**RAW DATA:**
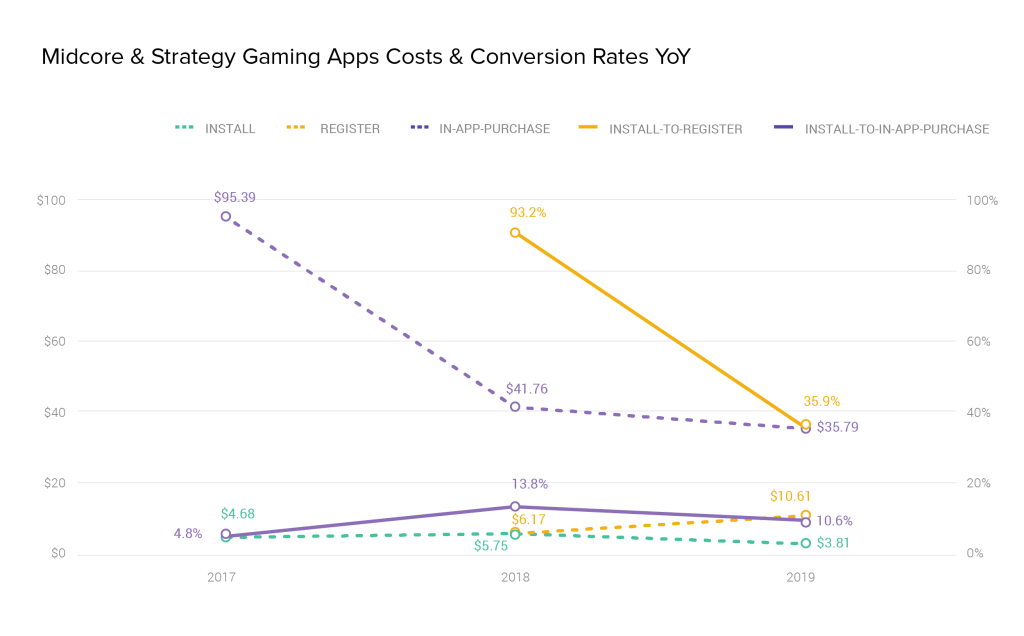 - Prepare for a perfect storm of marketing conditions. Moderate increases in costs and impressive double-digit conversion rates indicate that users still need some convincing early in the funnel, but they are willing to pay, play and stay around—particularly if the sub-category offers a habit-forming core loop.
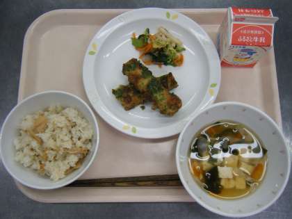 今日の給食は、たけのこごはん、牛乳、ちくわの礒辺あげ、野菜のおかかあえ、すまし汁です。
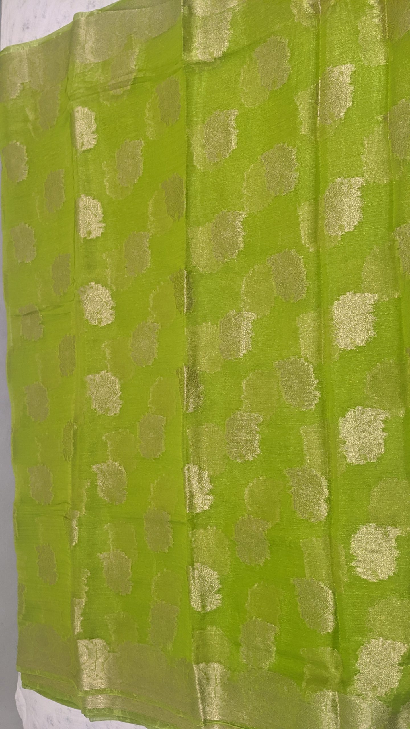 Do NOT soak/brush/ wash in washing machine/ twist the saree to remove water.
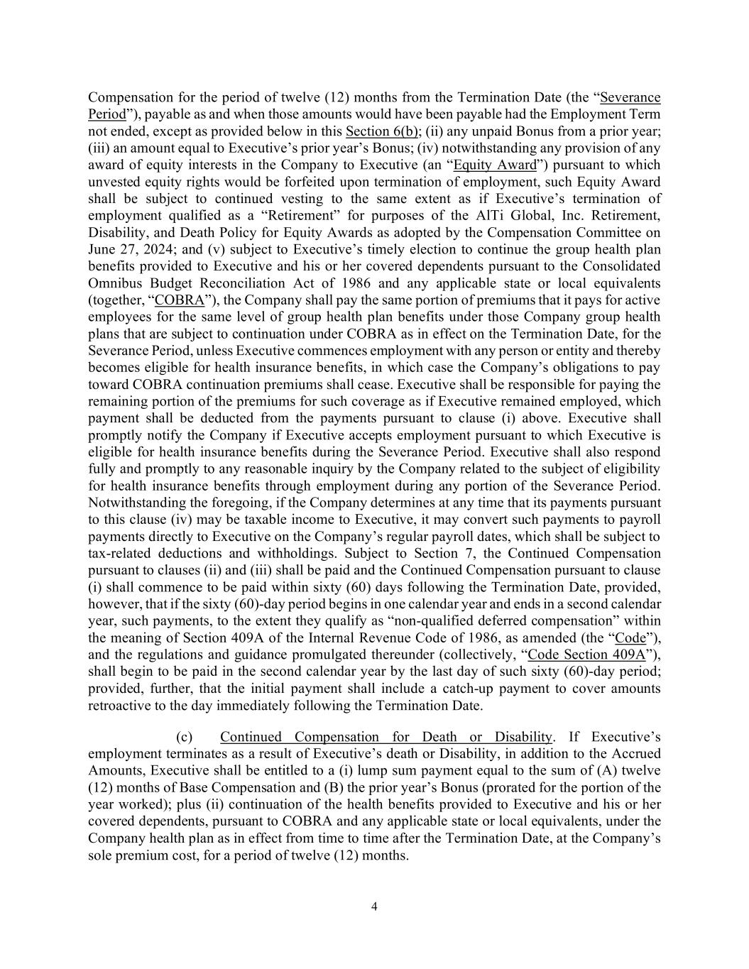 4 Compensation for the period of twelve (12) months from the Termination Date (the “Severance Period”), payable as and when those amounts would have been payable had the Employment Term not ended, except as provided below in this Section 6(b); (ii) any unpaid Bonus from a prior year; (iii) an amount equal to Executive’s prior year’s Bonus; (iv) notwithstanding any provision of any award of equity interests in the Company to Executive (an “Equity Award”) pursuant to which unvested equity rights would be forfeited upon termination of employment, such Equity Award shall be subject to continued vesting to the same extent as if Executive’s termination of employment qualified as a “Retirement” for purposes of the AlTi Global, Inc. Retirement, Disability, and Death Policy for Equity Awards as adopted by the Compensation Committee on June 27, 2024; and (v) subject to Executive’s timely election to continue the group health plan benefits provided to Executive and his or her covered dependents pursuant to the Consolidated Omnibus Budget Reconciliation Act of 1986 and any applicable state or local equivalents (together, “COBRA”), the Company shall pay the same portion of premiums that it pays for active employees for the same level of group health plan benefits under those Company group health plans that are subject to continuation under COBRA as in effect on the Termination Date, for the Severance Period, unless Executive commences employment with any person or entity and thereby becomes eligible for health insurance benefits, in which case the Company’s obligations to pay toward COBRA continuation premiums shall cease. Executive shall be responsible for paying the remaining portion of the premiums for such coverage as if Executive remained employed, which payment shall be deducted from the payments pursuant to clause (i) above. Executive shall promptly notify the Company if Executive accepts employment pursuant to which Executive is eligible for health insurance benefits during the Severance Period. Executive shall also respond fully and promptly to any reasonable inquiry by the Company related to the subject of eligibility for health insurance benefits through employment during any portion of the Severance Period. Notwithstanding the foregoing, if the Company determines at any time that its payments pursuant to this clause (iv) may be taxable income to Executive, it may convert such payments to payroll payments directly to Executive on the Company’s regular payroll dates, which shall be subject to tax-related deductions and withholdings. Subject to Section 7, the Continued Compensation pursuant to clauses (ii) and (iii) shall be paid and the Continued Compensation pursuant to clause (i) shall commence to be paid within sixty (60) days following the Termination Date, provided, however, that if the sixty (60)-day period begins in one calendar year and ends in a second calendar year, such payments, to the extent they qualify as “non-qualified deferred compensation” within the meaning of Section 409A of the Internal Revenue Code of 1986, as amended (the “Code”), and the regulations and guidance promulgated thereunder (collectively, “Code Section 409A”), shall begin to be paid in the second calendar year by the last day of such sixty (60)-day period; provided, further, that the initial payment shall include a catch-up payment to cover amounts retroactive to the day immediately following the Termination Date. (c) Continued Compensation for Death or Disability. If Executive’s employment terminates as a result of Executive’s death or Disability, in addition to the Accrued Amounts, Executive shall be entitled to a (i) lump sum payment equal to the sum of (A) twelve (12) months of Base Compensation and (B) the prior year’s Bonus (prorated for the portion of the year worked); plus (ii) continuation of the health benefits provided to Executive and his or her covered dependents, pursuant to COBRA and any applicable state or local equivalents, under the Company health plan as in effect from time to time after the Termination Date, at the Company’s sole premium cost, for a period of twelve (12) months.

**WHAT IS REQUIRED:** The pictures in the listing above are to be dropped, and everything else reproduced exactly.

**EXPECTED OUTPUT:**
 - Prepare for a perfect storm of marketing conditions. Moderate increases in costs and impressive double-digit conversion rates indicate that users still need some convincing early in the funnel, but they are willing to pay, play and stay around—particularly if the sub-category offers a habit-forming core loop.
 今日の給食は、たけのこごはん、牛乳、ちくわの礒辺あげ、野菜のおかかあえ、すまし汁です。
 Do NOT soak/brush/ wash in washing machine/ twist the saree to remove water.
 4 Compensation for the period of twelve (12) months from the Termination Date (the “Severance Period”), payable as and when those amounts would have been payable had the Employment Term not ended, except as provided below in this Section 6(b); (ii) any unpaid Bonus from a prior year; (iii) an amount equal to Executive’s prior year’s Bonus; (iv) notwithstanding any provision of any award of equity interests in the Company to Executive (an “Equity Award”) pursuant to which unvested equity rights would be forfeited upon termination of employment, such Equity Award shall be subject to continued vesting to the same extent as if Executive’s termination of employment qualified as a “Retirement” for purposes of the AlTi Global, Inc. Retirement, Disability, and Death Policy for Equity Awards as adopted by the Compensation Committee on June 27, 2024; and (v) subject to Executive’s timely election to continue the group health plan benefits provided to Executive and his or her covered dependents pursuant to the Consolidated Omnibus Budget Reconciliation Act of 1986 and any applicable state or local equivalents (together, “COBRA”), the Company shall pay the same portion of premiums that it pays for active employees for the same level of group health plan benefits under those Company group health plans that are subject to continuation under COBRA as in effect on the Termination Date, for the Severance Period, unless Executive commences employment with any person or entity and thereby becomes eligible for health insurance benefits, in which case the Company’s obligations to pay toward COBRA continuation premiums shall cease. Executive shall be responsible for paying the remaining portion of the premiums for such coverage as if Executive remained employed, which payment shall be deducted from the payments pursuant to clause (i) above. Executive shall promptly notify the Company if Executive accepts employment pursuant to which Executive is eligible for health insurance benefits during the Severance Period. Executive shall also respond fully and promptly to any reasonable inquiry by the Company related to the subject of eligibility for health insurance benefits through employment during any portion of the Severance Period. Notwithstanding the foregoing, if the Company determines at any time that its payments pursuant to this clause (iv) may be taxable income to Executive, it may convert such payments to payroll payments directly to Executive on the Company’s regular payroll dates, which shall be subject to tax-related deductions and withholdings. Subject to Section 7, the Continued Compensation pursuant to clauses (ii) and (iii) shall be paid and the Continued Compensation pursuant to clause (i) shall commence to be paid within sixty (60) days following the Termination Date, provided, however, that if the sixty (60)-day period begins in one calendar year and ends in a second calendar year, such payments, to the extent they qualify as “non-qualified deferred compensation” within the meaning of Section 409A of the Internal Revenue Code of 1986, as amended (the “Code”), and the regulations and guidance promulgated thereunder (collectively, “Code Section 409A”), shall begin to be paid in the second calendar year by the last day of such sixty (60)-day period; provided, further, that the initial payment shall include a catch-up payment to cover amounts retroactive to the day immediately following the Termination Date. (c) Continued Compensation for Death or Disability. If Executive’s employment terminates as a result of Executive’s death or Disability, in addition to the Accrued Amounts, Executive shall be entitled to a (i) lump sum payment equal to the sum of (A) twelve (12) months of Base Compensation and (B) the prior year’s Bonus (prorated for the portion of the year worked); plus (ii) continuation of the health benefits provided to Executive and his or her covered dependents, pursuant to COBRA and any applicable state or local equivalents, under the Company health plan as in effect from time to time after the Termination Date, at the Company’s sole premium cost, for a period of twelve (12) months.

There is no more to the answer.